Carriers	Initial			In normal saline for 10 h
	Size (nm)	PDI	Zeta (mV)	Size (nm)	PDI	Zeta (mV)
PCL2k-mPEG2k	214.3 ± 3.0	0.06 ± 0.04	–13.9 ± 0.3	263.2 ± 3.0	0.23 ± 0.04	–8.43 ± 0.3
PLA2k-mPEG2k	226.9 ± 2.8	0.19 ± 0.06	–19.0 ± 0.4	265.3 ± 4.6	0.28 ± 0.02	–6.15 ± 0.1
Oleic acid	196.0 ± 5.8	0.19 ± 0.04	–23.4 ± 0.1	279.4 ± 3.4	0.32 ± 0.05	–70.5 ± 1.0
TPGS	217.1 ± 3.4	0.18 ± 0.03	–19.5 ± 0.5	225.6 ± 6.7	0.20 ± 0.02	–20.5 ± 0.6
SPC	216.9 ± 1.0	0.18 ± 0.02	–13.9 ± 1.2	445.2 ± 37	0.46 ± 0.06	–12.9 ± 0.2
BSA	184.2 ± 2.2	0.18 ± 0.05	–7.41 ± 1.5	392 ± 11	0.38 ± 0.04	–10.1 ± 0.2

SD: standard deviation.

Improvement of HICT NR stability in physiological medium

There are many factors influencing the self-assembly of hydrophobic molecules and stabilizer during the antisolvent precipitation process, such as the type of stabilizer, the type of organic solvent, the feeding ratio of drug and stabilizer, the removal rate of the organic solvent and so on.

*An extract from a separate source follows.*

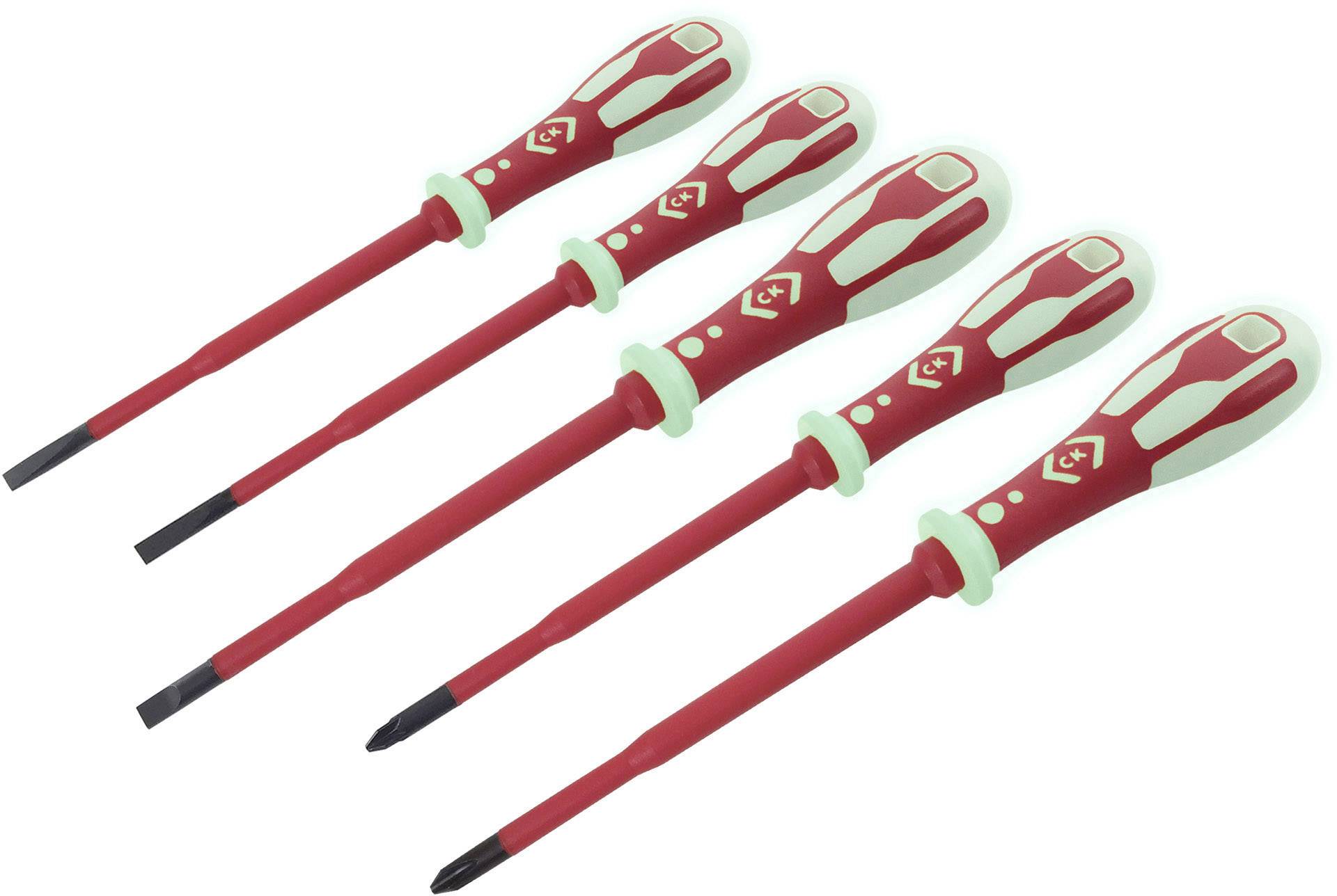 Schraubendrehergriffe aus phosphorisierendem Material - leuchten im Dunkeln ca. 20-30 Minuten. Isolierte Klingen mit schlankem Schaft - ermöglichen den Zugung zu versenkten Schrauben und Befestigungen. Keine Notwendigkeit mehr, die Isolation der Klingen abzuschneiden. VDE geprüft - individuell getestet mit 10.000 V für sicheres Arbeiten bis zu 1.000 V. Gemäß Normen EN 60900 / VDE0682/201, ISO 2380-2, ISO 8764. 100 % Made in Germany. Ergonomischer 2-Komponentengriff - speziell für Elektriker. Hochqualitativer Chrom-Vanadiumstahlschaft für außergewöhnliche Festigkeit und Dauerhaftigkeit. Kopfmarkierung, zum einfachen Erkennen der Größe. Präzise bearbeitete Spitze für exakte Anpassungen an die Schrauben und beschädigungsfreies Eindrehen.
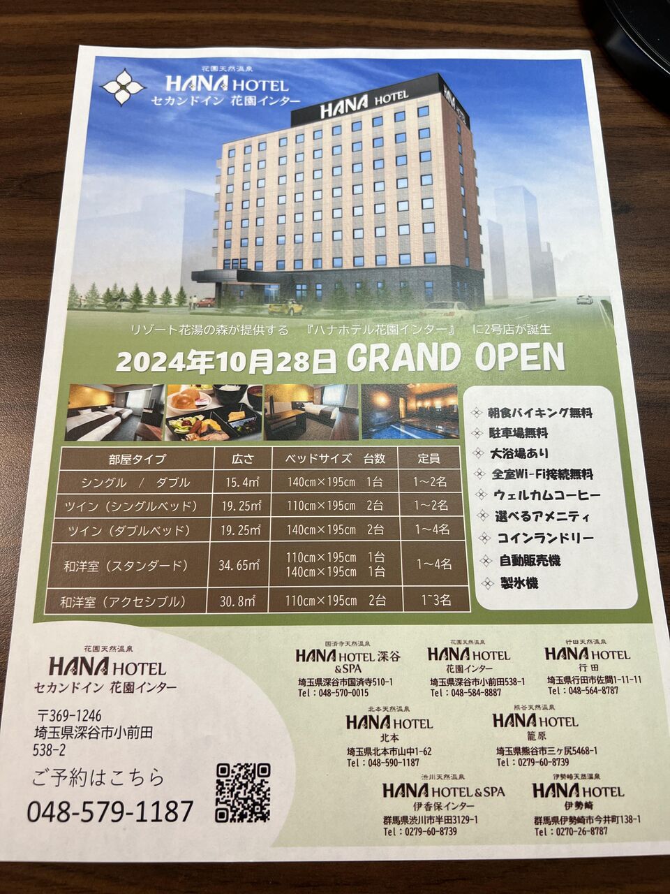 セカンドインハナホテル花園インターが2024年10月、埼玉県深谷市にオープン。ハナホテルフェチの珍安は早速宿泊してきました。

Among all the tested mixing systems composed of ethanol, acetone, and methanol, the mixture of ethanol and acetone (1:2, v/v) showed the best solubility for HICT (about 8.5 mg/mL), and thus was tried as the good solvent for the preparation of HICT NRs through antisolvent precipitation. Fortunately, as shown in Table 2, HICT NRs obtained in this way proved to be able to stably exist in various physiological medium with similar particle size and acceptable PDI values after 10 h incubation, and no aggregation or abnormal phenomena was observed. Thus, the mixture of ethanol and acetone (1:2, v/v) was chosen as the good solvent for the preparation of HICT NRs in the subsequent study.

Table 2.

Particle size, PDI, and zeta potential of HICT NRs before and after 10 h of incubation in various physiological medium (5% Glu, 0.9% NaCl, PBS, simulated gastrointestinal fluid).

Medium	Size (nm)	PDI	Zeta (mV)
Initial	265.3 ± 7.4	0.195 ± 0.01	–25.3 ± 0.1
PBS	294.9 ± 1.8	0.21 ± 0.02	–1.4 ± 0.3
5% Glu	295.1 ± 4.0	0.27 ± 0.01	–14.1 ± 0.9
0.9% NaCl	288.0 ± 1.0	0.26 ± 0.03	–2.3 ± 0.6
Gastric fluid	316.8 ± 5.6	0.34 ± 0.01	6.6 ± 0.4
Intestinal fluid	325.7 ± 3.4	0.25 ± 0.04	–2.2 ± 0.5

SD: standard deviation.

It was speculated that the instability of the HICT NRs prepared using DMSO as the good solvent was partly ascribed to the specific self-assemble mode of HICT and stabilizer when the DMSO solution was diluted with deionized water, and partly ascribed to the much less of reservation of the feeding stabilizer, most of which remained in the supernatant during the centrifugation. In order to explore the reason behind, three different HICT NRs were prepared using TPGS as a stabilizer with a HICT/TPGS feeding ratio of 1:1, all through antisolvent precipitation method. The first one used the mixture of ethanol and acetone (1:2, v/v) as the good solvent to prepare HICT NRs (named as M1) and then removed the solvent by vacuum rotary evaporation; the second one used the mixture of ethanol and acetone (1:2, v/v) as the good solvent (named as M2) and then removed the solvent by centrifugation; the third one used DMSO as the good solvent (named as M3) and then removed DMSO by centrifugation. The particle size of the three HICT NRs after incubation in the physiological medium at 37 °C for 10 h was examined. As shown in Figure 1, M2 NRs showed significantly increased particle size in PBS, simulated gastric and simulated intestinal fluids in contrast to M1, indicating that removal of partial stabilizer that retained in the supernatant reduced the stability of the M2 NRs. Removal of the organic solvent by vacuum rotatory evaporation is a relatively slow process, thus probably allow M1 NRs to ‘repair’ their structural flaws during the solvent evaporation. However, during the centrifugation, the self-assembly NRs fail to ‘repair’ their structural flaws due to an abrupt loss of the organic solvent and the co-existed stabilizer that was abundant in the supernatant. The all above factors may result in the less stability of M2 and M3 HICT NRs in comparison with M1 NRs. In addition, the self-assembly of HICT and TPGS in the ethanol–acetone–water system may also differ from that in the DMSO–water system.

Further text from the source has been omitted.